▸ **What the task requires**
Only the lines from the beginning of the data through the line holding "まずは、自分自身の出欠を登録しておきましょう。 →「出欠の登録のやりかた」 |" belong in the answer, printed exactly and without pictures.

▸ **Excerpted records**
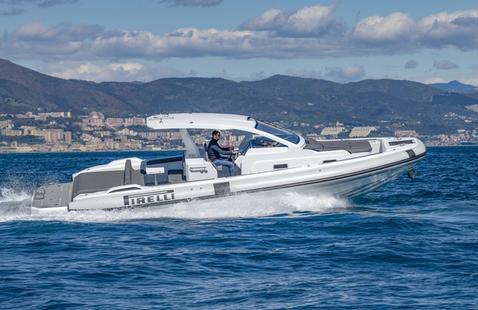 L'ensemble de propulsion standard du 43wallytender X comprend trois Mercury Verados de 300 ch qui atteignent une vitesse maximale de 40 nœuds, ou les propriétaires peuvent opter pour un ensemble encore plus rapide qui comprend trois Mercury Verados de 450 R pour une vitesse maximale de 50 nœuds. Pour une superbe manœuvrabilité et une croisière facile, les commandes par joystick, le positionnement dynamique et le pilote automatique sont de série. Développé par Wally et le département d'ingénierie du groupe Ferretti, le bateau est construit en matériaux composites avancés avec de la fibre de carbone dans les installations de Wally à Forlì, avec une courbe en V profond de 21 degrés qui assure une tenue de mer exceptionnelle.
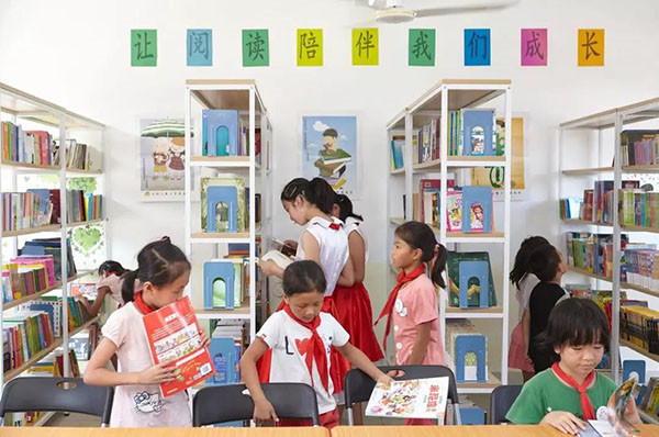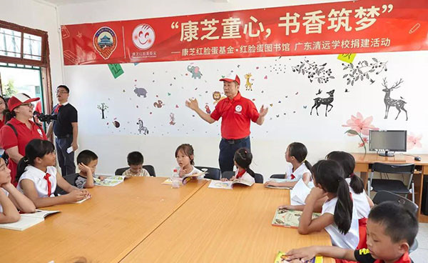 據統計,30%的城市兒童擁有88.9%的兒童讀物,70%的農村兒童只擁有11.1%的兒童讀物,圖書資源分配嚴重不均。康芝紅臉蛋基金于2016年發起“紅臉蛋圖書館”項目,先后走進廣西、江西、河南、云南、河北、新疆、山東等地,已累計幫助十多所山區小學設立“紅臉蛋圖書館”,改善孩子們的課外閱讀生活。
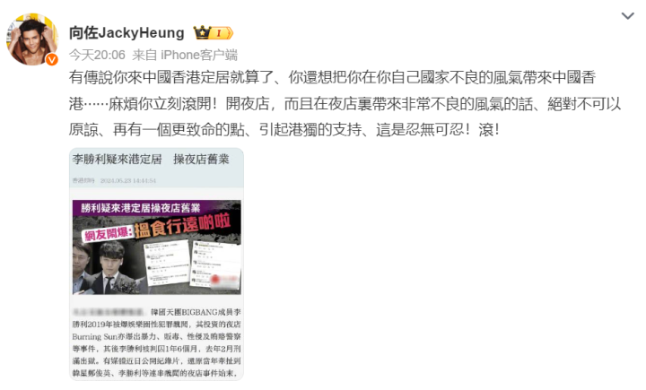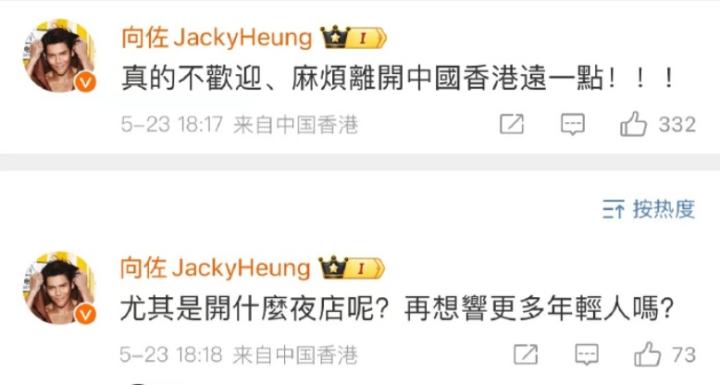5月23日,香港男星向佐对此怒斥:“真的不欢迎,麻烦离中国香港远一点!”
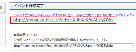 ![]() これでイベントの作成は完了しました。 表示されているURLが、作成されたページのアドレスになります。 スケジュールを調整したい人に、メールなどでこのアドレスをお知らせすれば、準備は完了です。 まずは、自分自身の出欠を登録しておきましょう。 →「出欠の登録のやりかた」 |
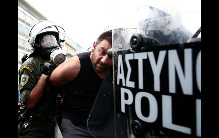 Internacional | En el incidente se hizo uso de gases lacrimógenos Enfrentamiento entre manifestantes y policías en la huelga general de Grecia Alrededor de 20 mil personas se manifestaron en las calles del centro de Atenas Por: EFE 5 de octubre de 2011 - 07:40 hs Un policía detiene a un manifestante durante la huelga de Grecia. EFE / ATENAS, GRECIA (05/OCT/2011).- Unas 20 mil personas se manifestaron hoy con motivo de una nueva huelga general por las calles del centro de Atenas, donde algunos participantes se enfrentaron a la policía, que reaccionó con el uso de gases lacrimógenos y efectuó varias detenciones. Los principales sindicatos del país habían convocado para hoy una huelga de 24 horas en protesta contra los recortes en sueldos y pensiones, el aumento de impuestos y los despidos que no logran alejar al país de la posible bancarrota. El paro laboral paralizó los servicios públicos y la actividad económica de la capital helénica, suspendiendo también todos los vuelos internacionales hacia el país y el servicios de ferrocarriles, según informaron fuentes sindicalistas a Efe. Al mediodía se celebraron dos manifestaciones separadas convocadas por los sindicatos mayoritarios, al final de las cuales hubo algunos incidentes violentos cuando parte de los participantes arrojaron piedras y artefactos incendiarios contra las brigadas antidisturbios en los entornos de la céntrica plaza Sindagma. Según testigos presenciales, la policía detuvo a varios manifestantes. Un grupo de personas intentó derribar una valla colocada por la policía que cerraba el paso en torno al Parlamento, a lo que las fuerzas del orden reaccionaron con gases lacrimógenos. Otro incidente ocurrió en las afueras de la rectoría de la Universidad de Atenas, en el centro de la ciudad, cuando unas 500 personas que protestaban contra las reformas en la educación, se enfrentaron a la policía. Antes, miles de funcionarios desfilaron con pancartas que leían "reserva igual a despidos" en referencia a la reducción del tres por ciento de la plantilla del sector público en los próximos tres meses, empezando con el despido de unos 30 mil funcionarios. Una pancarta del sindicato de funcionaros públicos (ADEDY) decía "No toquen nuestros derechos de un siglo", en alusión a los primeros despidos en el sector público desde hace cien años. El sindicato PAME, afiliado al partido comunista, tenía como eslogan "que se vayan ahora y que se lleven el memorando", en referencia al acuerdo que el Gobierno socialista ha alcanzado con la Unión Europea (UE), el Banco Central Europeo (BCE) y el Fondo Monetario Internacional (FMI) para seguir recibiendo ayudas. La confederación de trabajadores que representa al sector privado (GSEE) aseguró hoy de que el ausentismo laboral "rozó en muchos sectores el 90 %". Añadió que "los manifestantes también lanzaron un mensaje fuerte de protesta contra las políticas del Gobierno y el chantaje de la troika (los acreedores internacionales de Grecia)". El GSEE reiteró su llamada a una nueva huelga general de 24 horas convocada para el próximo 19 de octubre, junto con el ADEDY. Pese a la gran crisis en el sector comercial, con el cierre de un 20 % de las tiendas minoristas en Atenas, los comerciantes del centro capitalino mantuvieron sus negocios abiertos y no se sumaron a la huelga. Temas Europa Huelga Manifestaciones en el mundo Grecia Lee También Marchas CDMX: HOY, 17 de octubre, estas son las afectaciones viales Sin maíz no hay país Esto se sabe de la megamarcha de maestros en CDMX el 17 de octubre ¿Cómo se despliegan los cárteles mexicanos en Australia? Recibe las últimas noticias en tu e-mail Todo lo que necesitas saber para comenzar tu día Registrarse implica aceptar los Términos y Condiciones

▸ **Written answer**
 L'ensemble de propulsion standard du 43wallytender X comprend trois Mercury Verados de 300 ch qui atteignent une vitesse maximale de 40 nœuds, ou les propriétaires peuvent opter pour un ensemble encore plus rapide qui comprend trois Mercury Verados de 450 R pour une vitesse maximale de 50 nœuds. Pour une superbe manœuvrabilité et une croisière facile, les commandes par joystick, le positionnement dynamique et le pilote automatique sont de série. Développé par Wally et le département d'ingénierie du groupe Ferretti, le bateau est construit en matériaux composites avancés avec de la fibre de carbone dans les installations de Wally à Forlì, avec une courbe en V profond de 21 degrés qui assure une tenue de mer exceptionnelle.
 據統計,30%的城市兒童擁有88.9%的兒童讀物,70%的農村兒童只擁有11.1%的兒童讀物,圖書資源分配嚴重不均。康芝紅臉蛋基金于2016年發起“紅臉蛋圖書館”項目,先后走進廣西、江西、河南、云南、河北、新疆、山東等地,已累計幫助十多所山區小學設立“紅臉蛋圖書館”,改善孩子們的課外閱讀生活。
5月23日,香港男星向佐对此怒斥:“真的不欢迎,麻烦离中国香港远一点!”
 ![]() これでイベントの作成は完了しました。 表示されているURLが、作成されたページのアドレスになります。 スケジュールを調整したい人に、メールなどでこのアドレスをお知らせすれば、準備は完了です。 まずは、自分自身の出欠を登録しておきましょう。 →「出欠の登録のやりかた」 |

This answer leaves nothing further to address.